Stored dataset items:
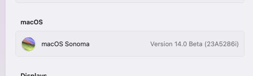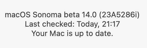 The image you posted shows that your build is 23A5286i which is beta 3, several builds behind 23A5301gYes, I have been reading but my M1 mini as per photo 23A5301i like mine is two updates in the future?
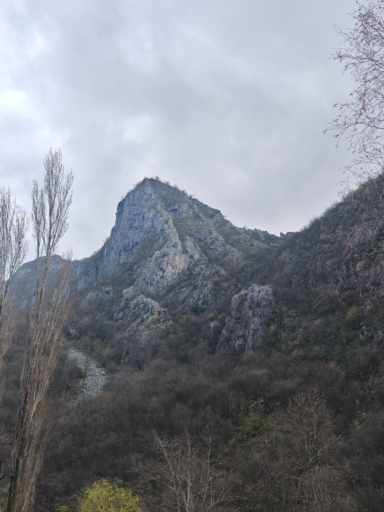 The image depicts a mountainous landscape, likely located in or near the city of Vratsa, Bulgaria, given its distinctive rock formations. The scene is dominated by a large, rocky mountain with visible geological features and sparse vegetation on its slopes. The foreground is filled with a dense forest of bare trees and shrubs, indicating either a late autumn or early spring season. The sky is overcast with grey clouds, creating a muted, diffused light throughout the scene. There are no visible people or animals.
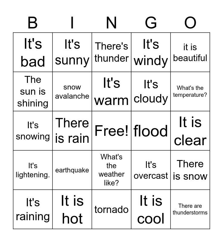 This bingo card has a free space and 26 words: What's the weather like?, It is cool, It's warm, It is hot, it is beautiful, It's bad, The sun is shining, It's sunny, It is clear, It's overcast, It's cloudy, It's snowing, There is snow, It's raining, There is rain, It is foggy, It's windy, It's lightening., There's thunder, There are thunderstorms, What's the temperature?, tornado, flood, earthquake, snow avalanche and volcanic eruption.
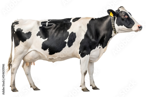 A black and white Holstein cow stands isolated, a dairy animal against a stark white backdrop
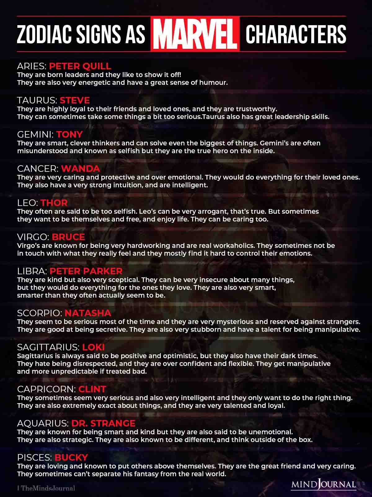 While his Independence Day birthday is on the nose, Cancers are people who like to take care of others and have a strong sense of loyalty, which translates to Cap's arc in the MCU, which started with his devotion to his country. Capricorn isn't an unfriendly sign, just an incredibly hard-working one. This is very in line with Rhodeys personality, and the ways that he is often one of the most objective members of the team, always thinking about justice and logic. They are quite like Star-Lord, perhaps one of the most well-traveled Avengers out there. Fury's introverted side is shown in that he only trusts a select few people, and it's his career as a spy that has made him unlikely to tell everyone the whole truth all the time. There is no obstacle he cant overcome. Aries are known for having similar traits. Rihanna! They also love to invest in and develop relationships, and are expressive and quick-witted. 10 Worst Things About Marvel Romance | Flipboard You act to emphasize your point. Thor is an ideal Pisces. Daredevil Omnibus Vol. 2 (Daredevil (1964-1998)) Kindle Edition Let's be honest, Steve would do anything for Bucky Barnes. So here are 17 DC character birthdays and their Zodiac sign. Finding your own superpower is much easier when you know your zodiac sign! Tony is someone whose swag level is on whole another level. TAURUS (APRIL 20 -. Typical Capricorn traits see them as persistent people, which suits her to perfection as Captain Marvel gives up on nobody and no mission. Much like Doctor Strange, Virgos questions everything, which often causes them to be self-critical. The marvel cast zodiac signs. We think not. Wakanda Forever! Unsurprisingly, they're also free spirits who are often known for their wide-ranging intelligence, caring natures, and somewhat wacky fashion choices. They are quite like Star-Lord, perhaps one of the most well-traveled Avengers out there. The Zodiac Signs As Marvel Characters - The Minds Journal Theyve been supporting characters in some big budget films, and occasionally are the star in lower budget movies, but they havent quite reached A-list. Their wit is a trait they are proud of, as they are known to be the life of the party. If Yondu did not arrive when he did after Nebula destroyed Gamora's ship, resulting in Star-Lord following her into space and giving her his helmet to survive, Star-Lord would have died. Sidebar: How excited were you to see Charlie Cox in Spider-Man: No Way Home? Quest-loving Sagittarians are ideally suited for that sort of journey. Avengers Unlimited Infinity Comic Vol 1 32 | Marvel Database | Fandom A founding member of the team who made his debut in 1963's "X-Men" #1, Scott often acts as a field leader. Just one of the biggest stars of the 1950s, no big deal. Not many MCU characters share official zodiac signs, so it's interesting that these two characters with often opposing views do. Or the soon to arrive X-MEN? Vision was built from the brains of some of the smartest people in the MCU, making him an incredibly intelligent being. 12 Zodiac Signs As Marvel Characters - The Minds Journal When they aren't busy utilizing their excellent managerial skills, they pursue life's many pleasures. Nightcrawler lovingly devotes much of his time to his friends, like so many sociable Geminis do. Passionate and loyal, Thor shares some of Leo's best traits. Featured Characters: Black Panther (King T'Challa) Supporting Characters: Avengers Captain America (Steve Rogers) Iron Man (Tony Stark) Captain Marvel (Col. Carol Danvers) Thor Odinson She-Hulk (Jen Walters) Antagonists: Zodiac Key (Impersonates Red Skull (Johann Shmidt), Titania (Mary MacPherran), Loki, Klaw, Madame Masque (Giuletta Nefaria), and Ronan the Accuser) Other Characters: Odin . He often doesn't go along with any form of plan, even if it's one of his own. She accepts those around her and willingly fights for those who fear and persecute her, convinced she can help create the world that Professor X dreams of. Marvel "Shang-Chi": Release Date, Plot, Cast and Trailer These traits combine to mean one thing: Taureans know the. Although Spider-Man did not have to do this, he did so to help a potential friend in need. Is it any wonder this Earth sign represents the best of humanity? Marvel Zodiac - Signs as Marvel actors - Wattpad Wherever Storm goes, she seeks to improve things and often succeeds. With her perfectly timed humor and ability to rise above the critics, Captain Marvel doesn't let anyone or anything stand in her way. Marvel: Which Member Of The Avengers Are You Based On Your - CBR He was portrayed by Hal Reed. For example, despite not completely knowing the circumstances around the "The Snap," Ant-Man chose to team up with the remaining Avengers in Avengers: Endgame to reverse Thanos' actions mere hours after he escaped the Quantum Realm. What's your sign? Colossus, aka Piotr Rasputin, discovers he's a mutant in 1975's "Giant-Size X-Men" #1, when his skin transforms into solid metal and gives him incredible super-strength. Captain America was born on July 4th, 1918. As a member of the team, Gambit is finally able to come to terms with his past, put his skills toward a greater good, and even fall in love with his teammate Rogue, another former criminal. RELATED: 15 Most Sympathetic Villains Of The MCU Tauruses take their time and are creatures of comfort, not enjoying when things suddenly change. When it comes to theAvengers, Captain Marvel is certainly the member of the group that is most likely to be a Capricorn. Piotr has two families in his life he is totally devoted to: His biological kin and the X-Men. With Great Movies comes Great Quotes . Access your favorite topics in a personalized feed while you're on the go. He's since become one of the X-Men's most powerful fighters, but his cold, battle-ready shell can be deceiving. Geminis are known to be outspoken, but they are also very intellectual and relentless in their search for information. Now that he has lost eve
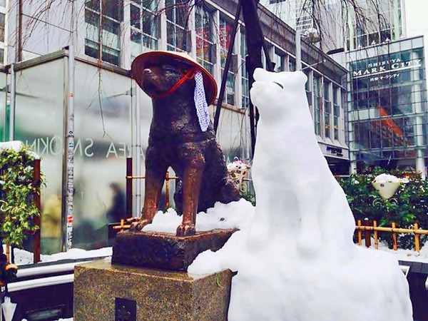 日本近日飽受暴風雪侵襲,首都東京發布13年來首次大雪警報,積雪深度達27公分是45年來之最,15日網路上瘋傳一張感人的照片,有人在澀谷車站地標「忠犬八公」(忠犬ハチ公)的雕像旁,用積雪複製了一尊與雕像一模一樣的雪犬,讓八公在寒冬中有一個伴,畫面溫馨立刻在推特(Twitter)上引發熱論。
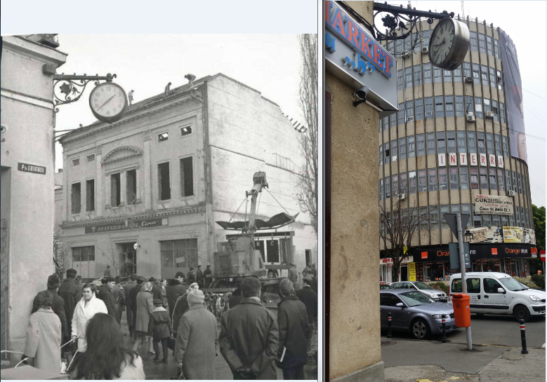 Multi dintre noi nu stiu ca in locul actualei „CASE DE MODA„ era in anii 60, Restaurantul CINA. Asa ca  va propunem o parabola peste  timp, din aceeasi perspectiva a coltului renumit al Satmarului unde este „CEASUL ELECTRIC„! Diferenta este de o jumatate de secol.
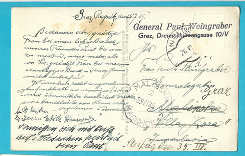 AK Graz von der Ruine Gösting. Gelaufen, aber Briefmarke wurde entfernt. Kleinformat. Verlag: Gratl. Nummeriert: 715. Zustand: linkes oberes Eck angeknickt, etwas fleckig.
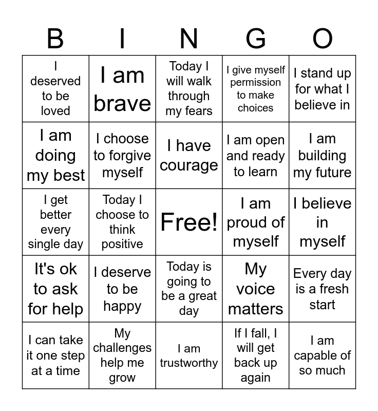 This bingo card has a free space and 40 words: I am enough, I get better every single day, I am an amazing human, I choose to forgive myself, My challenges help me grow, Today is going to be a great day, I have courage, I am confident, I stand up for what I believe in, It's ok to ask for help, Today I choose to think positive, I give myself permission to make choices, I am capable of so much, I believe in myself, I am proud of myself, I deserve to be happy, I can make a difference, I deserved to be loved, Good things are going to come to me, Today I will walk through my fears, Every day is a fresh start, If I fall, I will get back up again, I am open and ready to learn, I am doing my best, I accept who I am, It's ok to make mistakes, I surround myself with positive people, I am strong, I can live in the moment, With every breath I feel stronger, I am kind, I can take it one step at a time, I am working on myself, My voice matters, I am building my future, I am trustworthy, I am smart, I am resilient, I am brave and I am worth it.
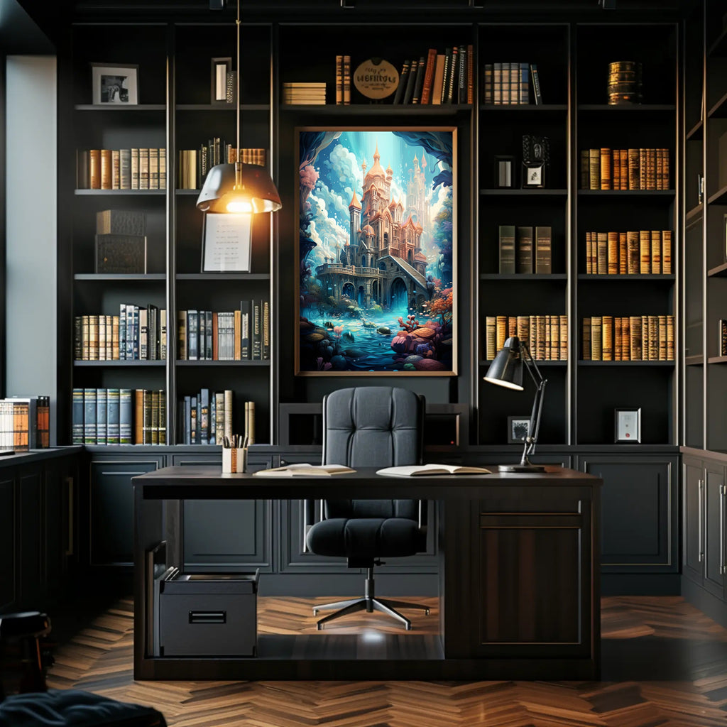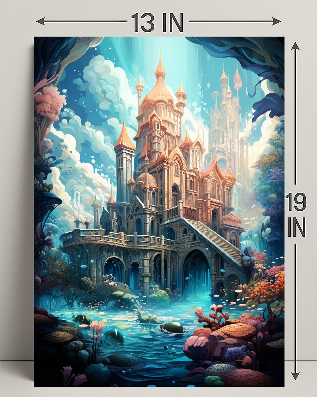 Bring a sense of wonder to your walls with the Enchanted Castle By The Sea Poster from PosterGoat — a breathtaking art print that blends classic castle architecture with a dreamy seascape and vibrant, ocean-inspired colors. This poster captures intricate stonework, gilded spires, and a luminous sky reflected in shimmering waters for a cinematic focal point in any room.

* How to complete this task
Each entry needs to be retyped exactly; the pictures stay out.

* Task answer
 The image you posted shows that your build is 23A5286i which is beta 3, several builds behind 23A5301gYes, I have been reading but my M1 mini as per photo 23A5301i like mine is two updates in the future?
 The image depicts a mountainous landscape, likely located in or near the city of Vratsa, Bulgaria, given its distinctive rock formations. The scene is dominated by a large, rocky mountain with visible geological features and sparse vegetation on its slopes. The foreground is filled with a dense forest of bare trees and shrubs, indicating either a late autumn or early spring season. The sky is overcast with grey clouds, creating a muted, diffused light throughout the scene. There are no visible people or animals.
 This bingo card has a free space and 26 words: What's the weather like?, It is cool, It's warm, It is hot, it is beautiful, It's bad, The sun is shining, It's sunny, It is clear, It's overcast, It's cloudy, It's snowing, There is snow, It's raining, There is rain, It is foggy, It's windy, It's lightening., There's thunder, There are thunderstorms, What's the temperature?, tornado, flood, earthquake, snow avalanche and volcanic eruption.
 A black and white Holstein cow stands isolated, a dairy animal against a stark white backdrop
 While his Independence Day birthday is on the nose, Cancers are people who like to take care of others and have a strong sense of loyalty, which translates to Cap's arc in the MCU, which started with his devotion to his country. Capricorn isn't an unfriendly sign, just an incredibly hard-working one. This is very in line with Rhodeys personality, and the ways that he is often one of the most objective members of the team, always thinking about justice and logic. They are quite like Star-Lord, perhaps one of the most well-traveled Avengers out there. Fury's introverted side is shown in that he only trusts a select few people, and it's his career as a spy that has made him unlikely to tell everyone the whole truth all the time. There is no obstacle he cant overcome. Aries are known for having similar traits. Rihanna! They also love to invest in and develop relationships, and are expressive and quick-witted. 10 Worst Things About Marvel Romance | Flipboard You act to emphasize your point. Thor is an ideal Pisces. Daredevil Omnibus Vol. 2 (Daredevil (1964-1998)) Kindle Edition Let's be honest, Steve would do anything for Bucky Barnes. So here are 17 DC character birthdays and their Zodiac sign. Finding your own superpower is much easier when you know your zodiac sign! Tony is someone whose swag level is on whole another level. TAURUS (APRIL 20 -. Typical Capricorn traits see them as persistent people, which suits her to perfection as Captain Marvel gives up on nobody and no mission. Much like Doctor Strange, Virgos questions everything, which often causes them to be self-critical. The marvel cast zodiac signs. We think not. Wakanda Forever! Unsurprisingly, they're also free spirits who are often known for their wide-ranging intelligence, caring natures, and somewhat wacky fashion choices. They are quite like Star-Lord, perhaps one of the most well-traveled Avengers out there. The Zodiac Signs As Marvel Characters - The Minds Journal Theyve been supporting characters in some big budget films, and occasionally are the star in lower budget movies, but they havent quite reached A-list. Their wit is a trait they are proud of, as they are known to be the life of the party. If Yondu did not arrive when he did after Nebula destroyed Gamora's ship, resulting in Star-Lord following her into space and giving her his helmet to survive, Star-Lord would have died. Sidebar: How excited were you to see Charlie Cox in Spider-Man: No Way Home? Quest-loving Sagittarians are ideally suited for that sort of journey. Avengers Unlimited Infinity Comic Vol 1 32 | Marvel Database | Fandom A founding member of the team who made his debut in 1963's "X-Men" #1, Scott often acts as a field leader. Just one of the biggest stars of the 1950s, no big deal. Not many MCU characters share official zodiac signs, so it's interesting that these two characters with often opposing views do. Or the soon to arrive X-MEN? Vision was built from the brains of some of the smartest people in the MCU, making him an incredibly intelligent being. 12 Zodiac Signs As Marvel Characters - The Minds Journal When they aren't busy utilizing their excellent managerial skills, they pursue life's many pleasures. Nightcrawler lovingly devotes much of his time to his friends, like so many sociable Geminis do. Passionate and loyal, Thor shares some of Leo's best traits. Featured Characters: Black Panther (King T'Challa) Supporting Characters: Avengers Captain America (Steve Rogers) Iron Man (Tony Stark) Captain Marvel (Col. Carol Danvers) Thor Odinson She-Hulk (Jen Walters) Antagonists: Zodiac Key (Impersonates Red Skull (Johann Shmidt), Titania (Mary MacPherran), Loki, Klaw, Madame Masque (Giuletta Nefaria), and Ronan the Accuser) Other Characters: Odin . He often doesn't go along with any form of plan, even if it's one of his own. She accepts those around her and willingly fights for those who fear and persecute her, convinced she can help create the world that Professor X dreams of. Marvel "Shang-Chi": Release Date, Plot, Cast and Trailer These traits combine to mean one thing: Taureans know the. Although Spider-Man did not have to do this, he did so to help a potential friend in need. Is it any wonder this Earth sign represents the best of humanity? Marvel Zodiac - Signs as Marvel actors - Wattpad Wherever Storm goes, she seeks to improve things and often succeeds. With her perfectly timed humor and ability to rise above the critics, Captain Marvel doesn't let anyone or anything stand in her way. Marvel: Which Member Of The Avengers Are You Based On Your - CBR He was portrayed by Hal Reed. For example, despite not completely knowing the circumstances around the "The Snap," Ant-Man chose to team up with the remaining Avengers in Avengers: Endgame to reverse Thanos' actions mere hours after he escaped the Quantum Realm. What's your sign? Colossus, aka Piotr Rasputin, discovers he's a mutant in 1975's "Giant-Size X-Men" #1, when his skin transforms into solid metal and gives him incredible super-strength. Captain America was born on July 4th, 1918. As a member of the team, Gambit is finally able to come to terms with his past, put his skills toward a greater good, and even fall in love with his teammate Rogue, another former criminal. RELATED: 15 Most Sympathetic Villains Of The MCU Tauruses take their time and are creatures of comfort, not enjoying when things suddenly change. When it comes to theAvengers, Captain Marvel is certainly the member of the group that is most likely to be a Capricorn. Piotr has two families in his life he is totally devoted to: His biological kin and the X-Men. With Great Movies comes Great Quotes . Access your favorite topics in a personalized feed while you're on the go. He's since become one of the X-Men's most powerful fighters, but his cold, battle-ready shell can be deceiving. Geminis are known to be outspoken, but they are also very intellectual and relentless in their search for information. Now that he has lost eve
 日本近日飽受暴風雪侵襲,首都東京發布13年來首次大雪警報,積雪深度達27公分是45年來之最,15日網路上瘋傳一張感人的照片,有人在澀谷車站地標「忠犬八公」(忠犬ハチ公)的雕像旁,用積雪複製了一尊與雕像一模一樣的雪犬,讓八公在寒冬中有一個伴,畫面溫馨立刻在推特(Twitter)上引發熱論。
 Multi dintre noi nu stiu ca in locul actualei „CASE DE MODA„ era in anii 60, Restaurantul CINA. Asa ca  va propunem o parabola peste  timp, din aceeasi perspectiva a coltului renumit al Satmarului unde este „CEASUL ELECTRIC„! Diferenta este de o jumatate de secol.
 AK Graz von der Ruine Gösting. Gelaufen, aber Briefmarke wurde entfernt. Kleinformat. Verlag: Gratl. Nummeriert: 715. Zustand: linkes oberes Eck angeknickt, etwas fleckig.
 This bingo card has a free space and 40 words: I am enough, I get better every single day, I am an amazing human, I choose to forgive myself, My challenges help me grow, Today is going to be a great day, I have courage, I am confident, I stand up for what I believe in, It's ok to ask for help, Today I choose to think positive, I give myself permission to make choices, I am capable of so much, I believe in myself, I am proud of myself, I deserve to be happy, I can make a difference, I deserved to be loved, Good things are going to come to me, Today I will walk through my fears, Every day is a fresh start, If I fall, I will get back up again, I am open and ready to learn, I am doing my best, I accept who I am, It's ok to make mistakes, I surround myself with positive people, I am strong, I can live in the moment, With every breath I feel stronger, I am kind, I can take it one step at a time, I am working on myself, My voice matters, I am building my future, I am trustworthy, I am smart, I am resilient, I am brave and I am worth it.
 Bring a sense of wonder to your walls with the Enchanted Castle By The Sea Poster from PosterGoat — a breathtaking art print that blends classic castle architecture with a dreamy seascape and vibrant, ocean-inspired colors. This poster captures intricate stonework, gilded spires, and a luminous sky reflected in shimmering waters for a cinematic focal point in any room.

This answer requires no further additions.